Entries provided:
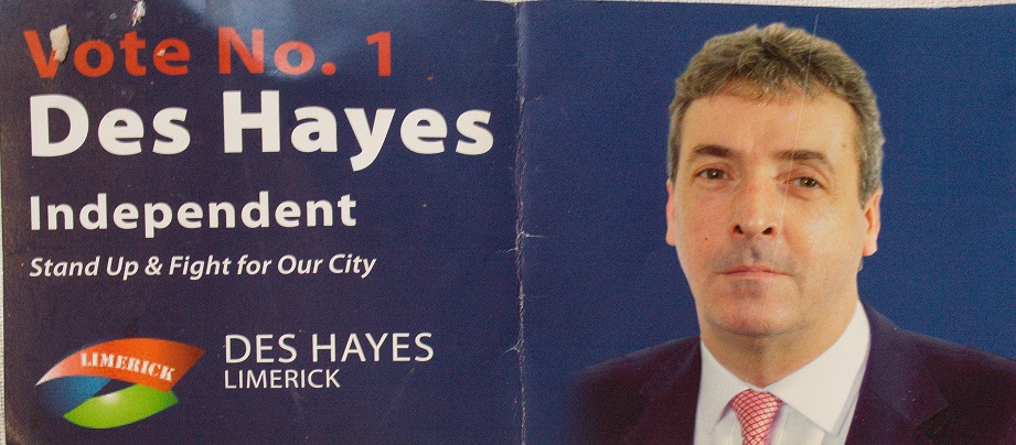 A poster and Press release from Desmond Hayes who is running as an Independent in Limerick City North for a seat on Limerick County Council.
...
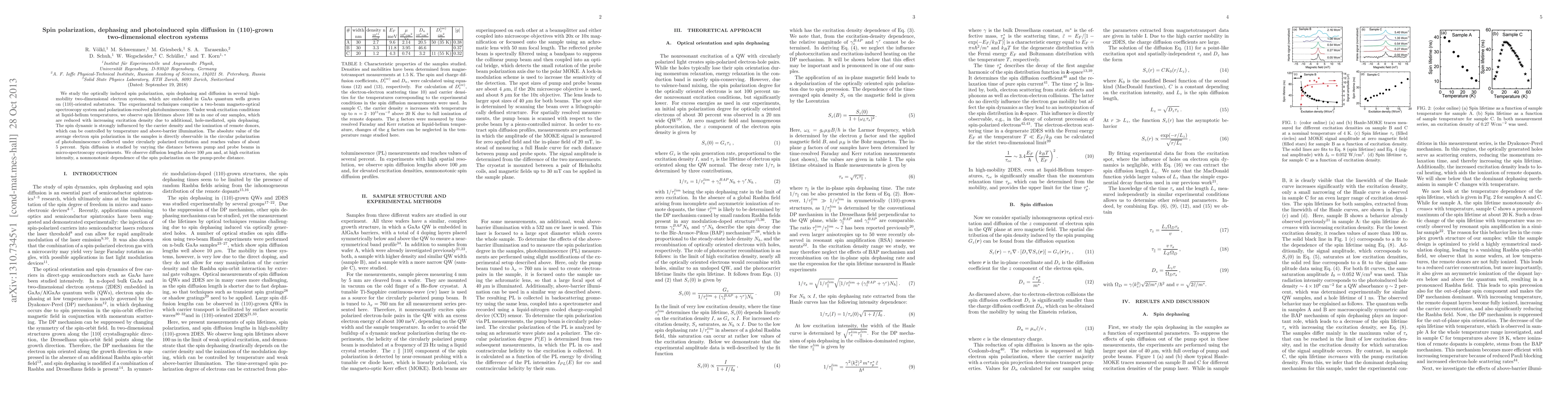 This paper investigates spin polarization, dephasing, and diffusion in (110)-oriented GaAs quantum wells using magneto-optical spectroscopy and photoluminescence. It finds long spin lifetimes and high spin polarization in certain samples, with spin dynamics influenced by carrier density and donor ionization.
...
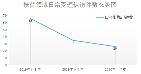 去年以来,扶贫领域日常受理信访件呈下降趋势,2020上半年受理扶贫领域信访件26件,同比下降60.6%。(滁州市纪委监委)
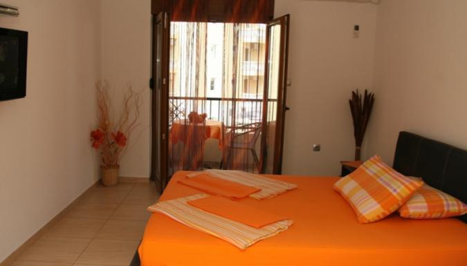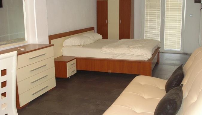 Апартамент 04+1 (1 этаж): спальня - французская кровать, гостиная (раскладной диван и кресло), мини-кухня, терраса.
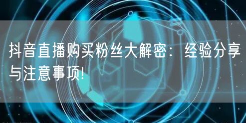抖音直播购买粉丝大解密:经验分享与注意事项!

Task instructions:
Above are some records. Reproduce the lines from the one with "去年以来,扶贫领域日常受理信" down to the one with "抖音直播购买粉丝大解密:经验分享与注意事项!", keeping both, and leave every picture out.

Answer space:
 去年以来,扶贫领域日常受理信访件呈下降趋势,2020上半年受理扶贫领域信访件26件,同比下降60.6%。(滁州市纪委监委)
 Апартамент 04+1 (1 этаж): спальня - французская кровать, гостиная (раскладной диван и кресло), мини-кухня, терраса.
抖音直播购买粉丝大解密:经验分享与注意事项!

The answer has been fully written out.